This task asks for the lines from the one with "商品名稱:羅技(Logitech)有線鼠標 黑色G102" to the final line below, repeated exactly, with pictures omitted.

:: DATA TO PROCESS ::

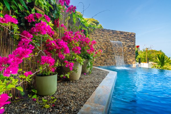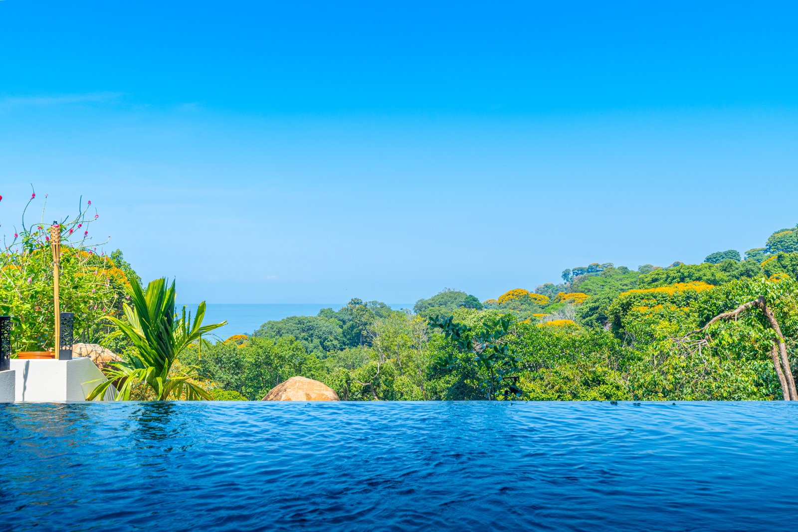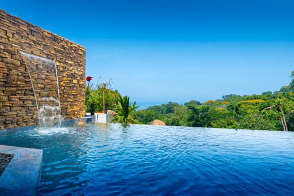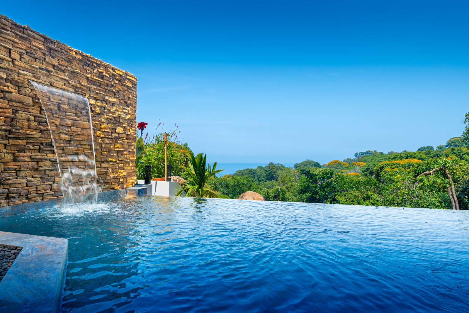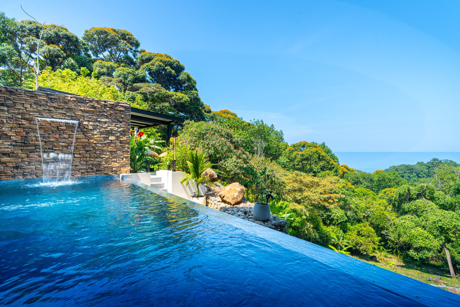 - Outdoor Oasis: The outdoor area features a serene infinity-edge pool with a waterfall, surrounded by ample space for lounging and enjoying the ocean and sunset views and expansive garden valley below.
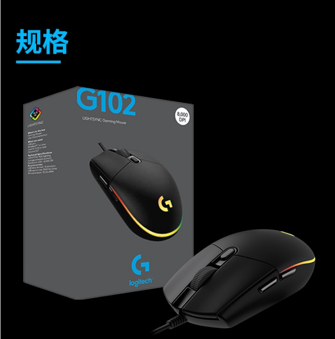 商品名稱:羅技(Logitech)有線鼠標 黑色G102
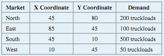 Dansville Cabinets is considering a new warehouse to serve its major markets. Find the center-of-gravity using the following information:
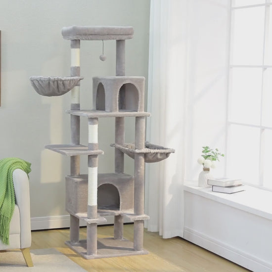 Oui. La structure supporte jusqu’à 30 kg et propose 6 zones de repos (2 niches, 2 perchoirs, 2 hamacs) pour éviter les conflits.
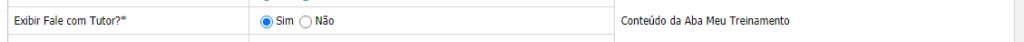 No menu Tutoria >> Exibir Fale com o Tutor?, habilitamos a exibição do fale com o tutor na plataforma, basta marcar com SIM a opção, Exibir Fale com Tutor?* .
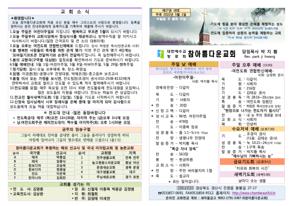 주보-2022년 5월 1일 페이지 정보 작성자 참아름다운교회 댓글 0건 조회 3,705회 22-05-03 20:43 본문 주보-2022년 5월 1일 목 록 답 변 이전글주보-2022년 5월 8일 22.05.07 다음글주보-2022년 4월 24일 22.04.23 댓글목록 댓글목록 등록된 댓글이 없습니다.

:::

→ **REPLY TO THE EXERCISE**:
 商品名稱:羅技(Logitech)有線鼠標 黑色G102
 Dansville Cabinets is considering a new warehouse to serve its major markets. Find the center-of-gravity using the following information:
 Oui. La structure supporte jusqu’à 30 kg et propose 6 zones de repos (2 niches, 2 perchoirs, 2 hamacs) pour éviter les conflits.
 No menu Tutoria >> Exibir Fale com o Tutor?, habilitamos a exibição do fale com o tutor na plataforma, basta marcar com SIM a opção, Exibir Fale com Tutor?* .
 주보-2022년 5월 1일 페이지 정보 작성자 참아름다운교회 댓글 0건 조회 3,705회 22-05-03 20:43 본문 주보-2022년 5월 1일 목 록 답 변 이전글주보-2022년 5월 8일 22.05.07 다음글주보-2022년 4월 24일 22.04.23 댓글목록 댓글목록 등록된 댓글이 없습니다.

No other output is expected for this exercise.